FIGS. 4A-4D illustrate example implementations of a flame arrestor sub-assembly used in a battery module. Each of the illustrated flame arrestor sub-assemblies shown may be used, for instance, as one or more of the flame arrestors 112/212/312 described above. FIG. 4A shows a particular example implementation of a flame arrestor sub-assembly 400. In this example, the flame arrestor sub-assembly 400 may consist simply of a screen or mesh member (e.g., a woven material, perforated sheet, porous element, and/or wire pad). The flame arrestor sub-assembly 400 may be rigid and attachable, for instance, to a housing of a battery module. The flame arrestor sub-assembly 400, as shown, includes multiple apertures, which may be sized to permit uncombusted airflow therethrough while impeding or preventing combusted fluid (e.g., flames) from flowing therethrough. The flame arrestor sub-assembly 400 may be made from ceramic or metal or other materials, which include materials with high melting points, low combustibility, and/or low smoke generation properties.

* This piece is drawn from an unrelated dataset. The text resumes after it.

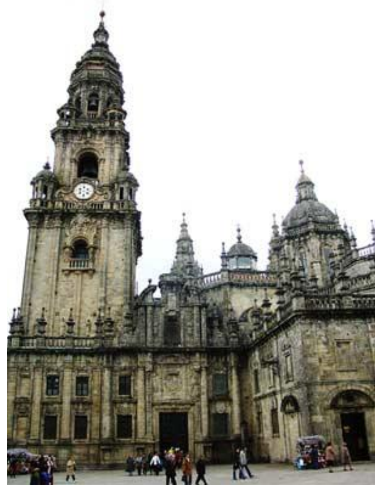
Torre del Reloj de la catedral de Santiago. Toro y Andrade

Thus, the flame arrestor sub-assembly 400 may remove energy from a combusted fluid or flame to help impede or prevent a spread of the flame.

FIG. 4B shows another example implementation of a flame arrestor sub-assembly 410. The flame arrestor sub-assembly 410 includes a screen member 414 enclosed within a frame 412. The screen member 414 may be substantially similar to the flame arrestor sub-assembly 400. The frame 412 may rigidly enclose the screen member 414 and be attachable, for instance, to a housing or other component of a battery module described herein. In some aspects, the frame 412 may enclose multiple screen members 414, mounted in series (e.g., relative to a flow of air or fluid therethrough) within the frame 412. In some aspects, each of the screen members 414 may have distinct characteristics, such as aperture size or mesh thickness, material, or otherwise. For instance, one screen member 414 may be relatively fine compared to another screen member 414, thereby providing differing barriers to a flow of combusted fluid therethrough, while still allowing airflow therethrough.

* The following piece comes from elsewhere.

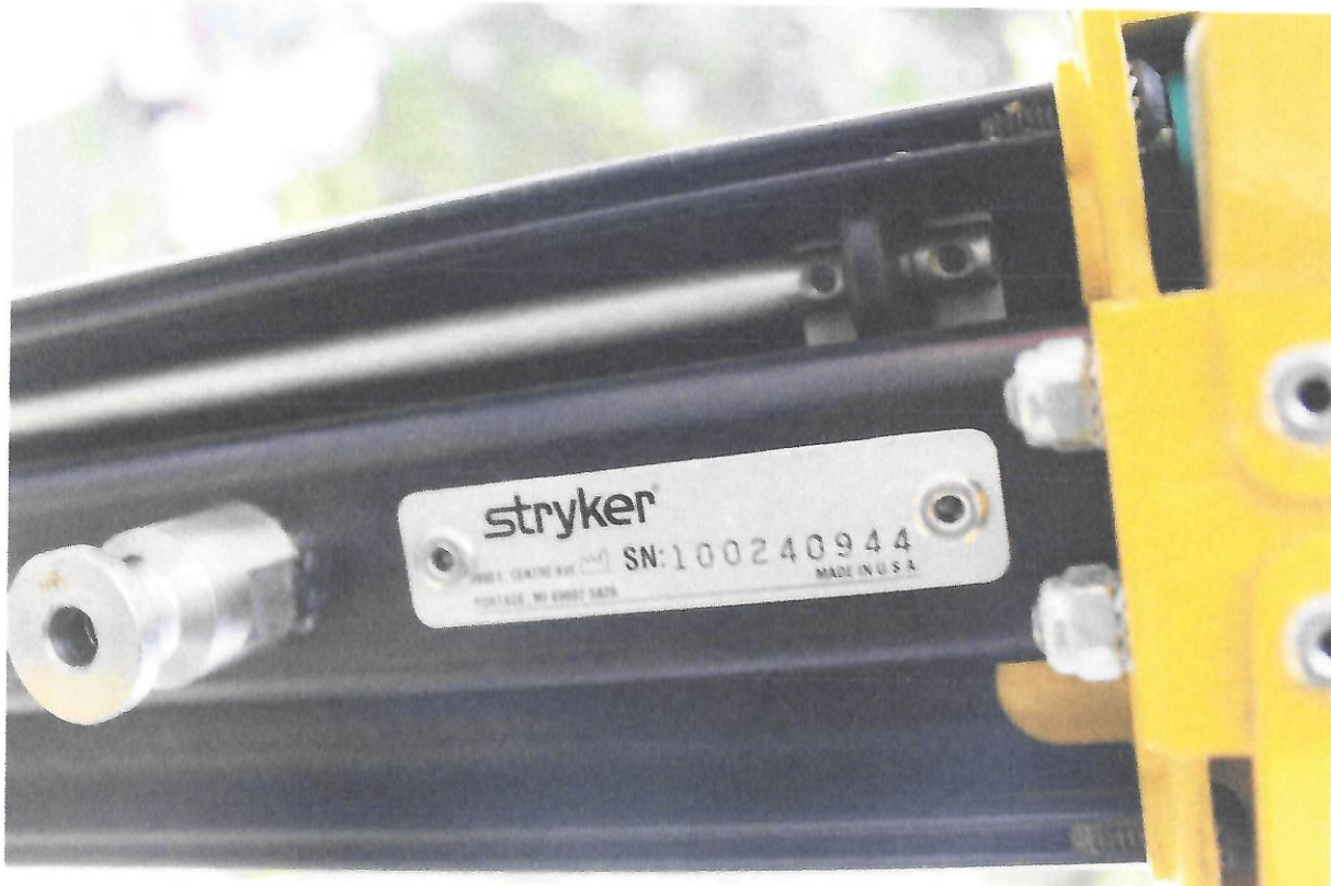
Fot.8 Tabliczka znamionowa transportera noszy

FIG. 4C shows another example implementation of a flame arrestor sub-assembly 420. The flame arrestor sub-assembly 420 includes a screen member 424 enclosed within a frame 422. The screen member 424 may be substantially similar to the flame arrestor sub-assembly 400. The frame 422 may rigidly enclose the screen member 424 and be attachable, for instance, to a housing or other component of a battery module described herein. As with flame arrestor sub-assembly 410, in some aspects, the frame 422 may enclose multiple screen members 424, mounted in series (e.g., relative to a flow of air or fluid therethrough) within the frame 422 as shown in FIG. 4D, which is a top view of the flame arrestor sub-assembly 420. As shown in FIG. 4D, a portion 432 of the frame 422 may be positioned between the two screen members 422, thereby providing, for instance, structural rigidity to the flame arrestor sub-assembly 420.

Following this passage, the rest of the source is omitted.